L’UNESCO est l’agence des Nations Unies chargée de l’océanographie. Forte de sa Commission océanographique intergouvernementale à laquelle 150 États membres ont adhéré, et de son expertise dans les domaines de la culture et de l’éducation, l’UNESCO coordonne les actions des gouvernements, des scientifiques, du secteur privé, de la société civile et d’autres organisations des Nations Unies. Ensemble, nous avons créé le système d’alerte aux tsunamis. Nous cartographions les profondeurs des océans, identifions les espèces, veillons à ce que la connaissance des océans fasse partie intégrante des programmes scolaires et protégeons les sites océaniques d’une beauté incomparable, abritant une biodiversité essentielle. Dans ce récit, nous vous donnons plus de détails sur le travail de l’UNESCO concernant le système d’alerte précoce aux tsunamis, son fonctionnement et la façon dont il permet de sauver des vies.
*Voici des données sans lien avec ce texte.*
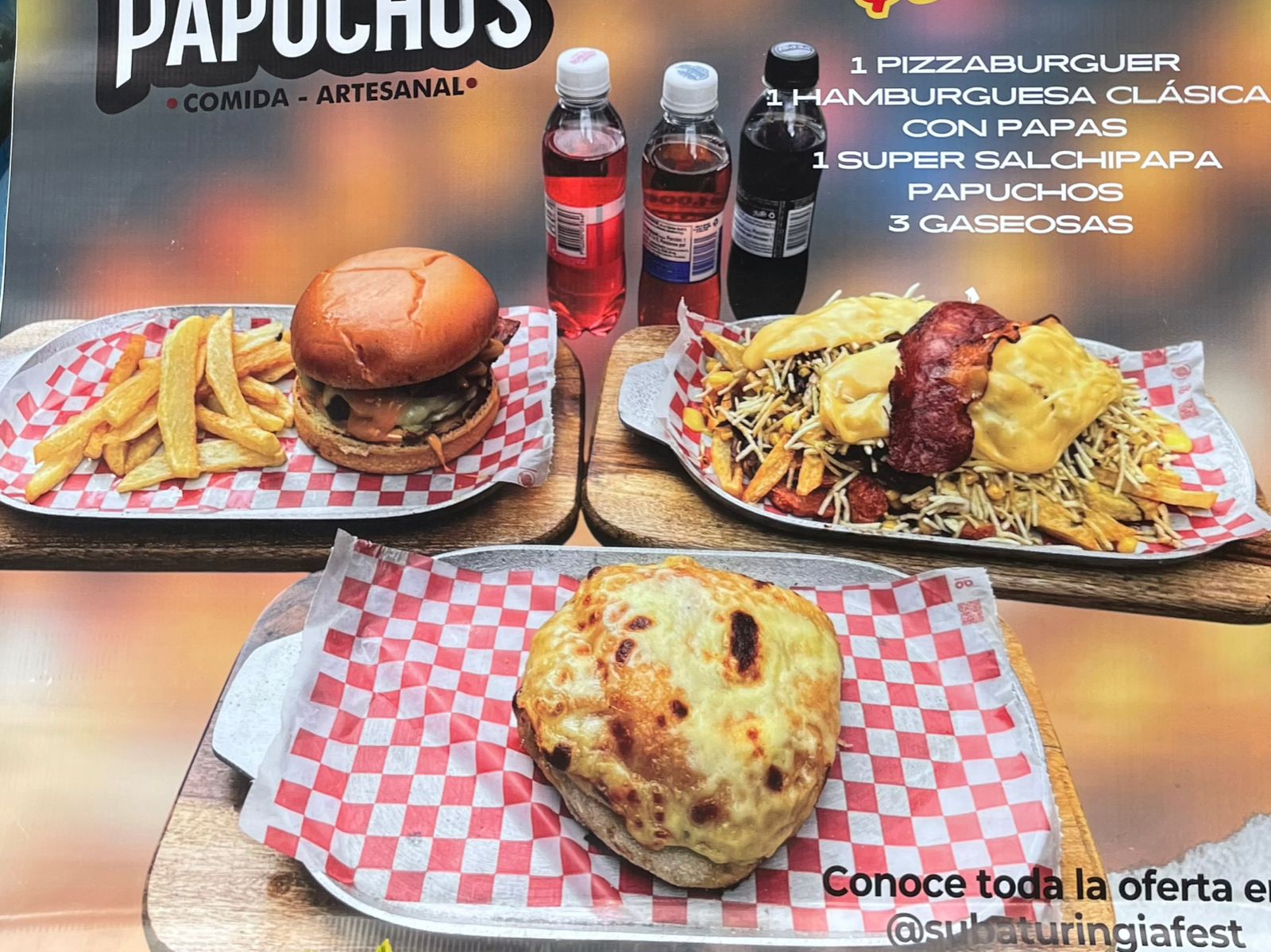 1 Pizza Burger, 1 Super salchipapa Pauchos, 1 hamburhuesa clasica con papas y 3 gaseosas 250ml

Les tsunamis sont des phénomènes rares. Mais lorsque la fureur de la nature se déchaîne, leurs conséquences mortelles sont dévastatrices. Si l’impact initial occupe les unes des médias, les répercussions sur les communautés, les moyens de subsistance et l’environnement, elles, perdurent pendant de nombreuses années après la catastrophe naturelle.

Au cours du siècle dernier, 58 tsunamis ont fait plus de 260 000 victimes, dépassant ainsi l’ensemble des autres risques naturels. Davantage de tsunamis sont à prévoir à l’avenir, compte tenu de la montée du niveau de la mer causée par le changement climatique.

Ainsi, se préparer à l’imprévisible peut faire la différence et s’avérer la clé de la survie.

11 mars, 14 h TU : la Terre tremble

Un tremblement de terre secoue l’Atlantique, à 100 km à l’est des Petites Antilles — un long et délicat arc de petites îles des Caraïbes s’étendant entre la mer des Caraïbes et le grand large. L’archipel volcanique, qui recense 3,2 millions d’habitants, est situé sur l’une des plaques tectoniques qui reposent sur la croûte terrestre.

Lorsque la plaque glisse le long de la ligne de faille des Caraïbes, une explosion massive d’énergie, comparable à celle d’une ogive nucléaire, déclenche une onde de choc géante à 25 km sous la surface de la planète.

Les puissants tremblements de terre sont par nature très dévastateurs. Mais ils peuvent également être à l’origine d’autres risques naturels cataclysmiques.

Lorsque le fond marin se soulève brusquement, il déplace des volumes d’eau gigantesques, produisant de puissantes vagues qui se propagent dans toutes les directions, à l’image des ondulations d’une pierre jetée dans un étang.

Les Petites Antilles, situées face à l’océan, sont en première ligne de cette vague menaçante. Les grandes îles — Cuba, Haïti, la Jamaïque et Porto Rico — ainsi que les communautés du golfe du Mexique et des côtes du Venezuela, sont également menacées. Près de 160 millions de personnes sont en danger imminent.

Vagues de tsunami : photos numérisées de la collection de l’ITIC (Centre international d’information sur les tsunamis)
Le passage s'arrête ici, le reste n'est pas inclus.